Stewart and other researchers are quick to note that this is not the first time gray whales have experienced significant declines in numbers and overall health.

They were hunted nearly to extinction in the mid-1800s and again in the early 1900s for their blubber, which was used mainly as fuel to burn oil lamps.
In 2016, NOAA researchers estimated the gray whale population at 27,000, declining to below 15,000 in 2023 before rebounding to a rough estimate of 19,000 in 2024.
NOAA declared an official Pacific gray whale “unusual mortality event” in December 2018. It wasn’t lifted until November 2023, with peak whale strandings occurring over a two-year period starting in December 2018. During that span there were a total of 690 gray whale strandings, with 347 in the United States, 316 in Mexico and 27 in Canada.
An investigating team concluded that localized ecosystem changes, including both access to and quality of prey, caused widespread malnutrition that led directly to struggling whales washing up on West Coast beaches.
The number of whales counted so far this season illustrate just how far the population appears to have dropped compared to just one year ago, according to Schulman-Janiger’s census work in California.
In 2024, for instance, volunteers counted 224 gray whales traveling south and then 544 traveling north with 21 calves. During the southbound count this season, only 124 whales were tallied. The northbound count, with six weeks left, has plummeted to 419 whales, with only three calves observed.
“This year’s count makes last year’s look like a lot,” she said. “And last year was terrible.”

Survival strategies
Stewart and others acknowledge the obvious effects that a reduced food supply has on gray whales. But they also point out that grays, as opposed to krill-reliant blue whales, have an ability to change their foraging techniques. They can also feed on as many as 90 other species, including surface-dwelling krill, eel grass in the mid-waters and bottom-skittering crab larvae.
“Gray whales have lived through huge periods of climate change in the past, from ice ages to more recent warming events,” Stewart said. “They are very adaptable. I don’t think they’ll go extinct, but their numbers have certainly dropped significantly in the past and they might again as the current number of gray whales will have to compete for diminishing food resources.”
Knowing that thousands of gray whales are once again headed north past Oregon, researchers will be watching closely to see how many strandings will be reported in coming months.
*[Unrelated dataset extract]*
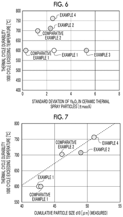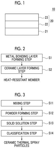 Ceramic materials such as yttria-stabilized zirconia (YSZ) are commonly used in thermal barrier coatings due to their excellent thermal insulation properties. These materials can be modified with various dopants to enhance their durability and performance at high temperatures. The composition of the ceramic material significantly affects the coating's resistance to thermal cycling, oxidation, and erosion, which are critical factors for long-term durability in high-temperature applications.- Ceramic composition for thermal barrier coatings: Various ceramic materials are used in thermal barrier coatings to provide high temperature resistance and durability. These include yttria-stabilized zirconia (YSZ), rare earth zirconates, and other advanced ceramic compositions that offer superior thermal insulation properties. The specific composition of these ceramics significantly affects their thermal cycling resistance, phase stability, and overall durability in high-temperature applications.

“There have already been strandings reported in Baja and elsewhere in California,” said Jim Rice, who coordinates the Newport-based Oregon Marine Mammal Stranding Network. “We know there are likely to be strandings here, as well, but hopefully not in record numbers.”
In an average year between three and six gray whales end up stranded on Oregon’s beaches, he said.
“A dozen or more would be quite a large number,” Rice added. “Really, anything over 10 would be exceptional.”
Off the California coast, where Schulman-Janiger and her team are charting the migration, grays are just making their way past them heading north. During one recent session, Schulman-Janiger initially thought she was viewing a mother and calf. Upon closer inspection it turned out that the “calf” was a rib so unprotected by blubber that it was bulging far away from the whale’s body.
“We have six more weeks to finish the northbound count and I hope to see a lot of whales,” she said. “I hope to see a lot of calves, but that doesn’t seem likely. There haven’t been many strandings here yet, but I don’t see how the whales I saw today are ever going to survive to Alaska.”